## WORK ITEM
Transcribe the listing that follows in full, exactly, and drop its images.

## COLLECTED DATA
════

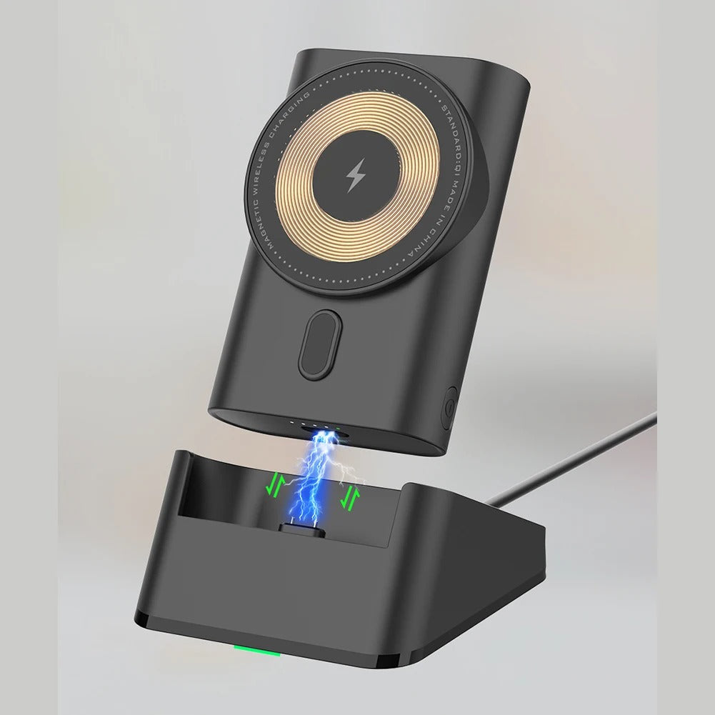 Designed for maximum convenience, the Chillitech 3-in-1 Magnetic Charging Dock features a portable magnetic power bank and a charging station stand, complete with a USB-C cable for versatile use. Its magnetic docking ensures a secure and efficient charge every time, while the built-in LED lights provide a stylish touch and indicate your device's charging status.
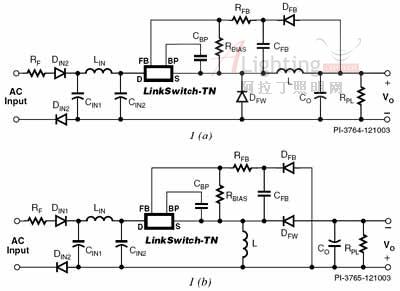 圖1所示為配置為基本降壓式轉(zhuǎn)換器(圖1a)和基本升降壓式轉(zhuǎn)換器(圖1b)的LinkSwitch-TN器件。通過在單片IC上集成一個功率MOSFET、振蕩器、簡單的開/關(guān)控制、一個高壓開關(guān)電流源、頻率抖動、逐周期電流限流及熱關(guān)斷電路,可以簡化轉(zhuǎn)換器階段的設(shè)計(jì)復(fù)雜度并減少元件數(shù)。LinkSwitch-TN器件可通過漏極引腳實(shí)現(xiàn)自供電,無需使用偏置電源及相關(guān)電路。它極具成本效益,可用來替代輸出電流小于或等于360mA的線性和電容降壓式非隔離電源,因此能夠提供出色的輸入電壓調(diào)整率和負(fù)載調(diào)整率。與無源元件電源方案相比,它的效率更高,而功率因子則比電容降壓式方案高。
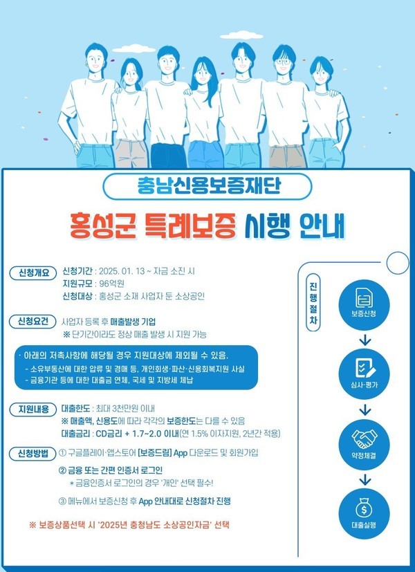 신청방법은 ‘보증드림’ 앱(어플)을 다운로드하고 회원가입 후 ‘2025년 충청남도 소상공인자금’을 선택해 진행하거나, 충남신용보증재단 내포지점을 통해 할 수 있으며 자금이 소진될 때까지 접수한다. 자세한 내용은 충남신용보증재단 내포지점(041-630-7302~6)으로 문의하면 된다.
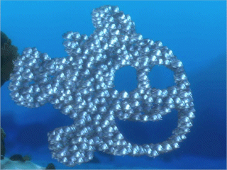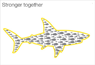 Some might consider it a cliché, but I found it still useful: the school of fish swimming in formation to create the illusion of being a shark. For when you need to visualize how many smaller/weaker entities can work together to become very strong as a group.

════

## RESULT OF THE EXERCISE
 Designed for maximum convenience, the Chillitech 3-in-1 Magnetic Charging Dock features a portable magnetic power bank and a charging station stand, complete with a USB-C cable for versatile use. Its magnetic docking ensures a secure and efficient charge every time, while the built-in LED lights provide a stylish touch and indicate your device's charging status.
 圖1所示為配置為基本降壓式轉(zhuǎn)換器(圖1a)和基本升降壓式轉(zhuǎn)換器(圖1b)的LinkSwitch-TN器件。通過在單片IC上集成一個功率MOSFET、振蕩器、簡單的開/關(guān)控制、一個高壓開關(guān)電流源、頻率抖動、逐周期電流限流及熱關(guān)斷電路,可以簡化轉(zhuǎn)換器階段的設(shè)計(jì)復(fù)雜度并減少元件數(shù)。LinkSwitch-TN器件可通過漏極引腳實(shí)現(xiàn)自供電,無需使用偏置電源及相關(guān)電路。它極具成本效益,可用來替代輸出電流小于或等于360mA的線性和電容降壓式非隔離電源,因此能夠提供出色的輸入電壓調(diào)整率和負(fù)載調(diào)整率。與無源元件電源方案相比,它的效率更高,而功率因子則比電容降壓式方案高。
 신청방법은 ‘보증드림’ 앱(어플)을 다운로드하고 회원가입 후 ‘2025년 충청남도 소상공인자금’을 선택해 진행하거나, 충남신용보증재단 내포지점을 통해 할 수 있으며 자금이 소진될 때까지 접수한다. 자세한 내용은 충남신용보증재단 내포지점(041-630-7302~6)으로 문의하면 된다.
 Some might consider it a cliché, but I found it still useful: the school of fish swimming in formation to create the illusion of being a shark. For when you need to visualize how many smaller/weaker entities can work together to become very strong as a group.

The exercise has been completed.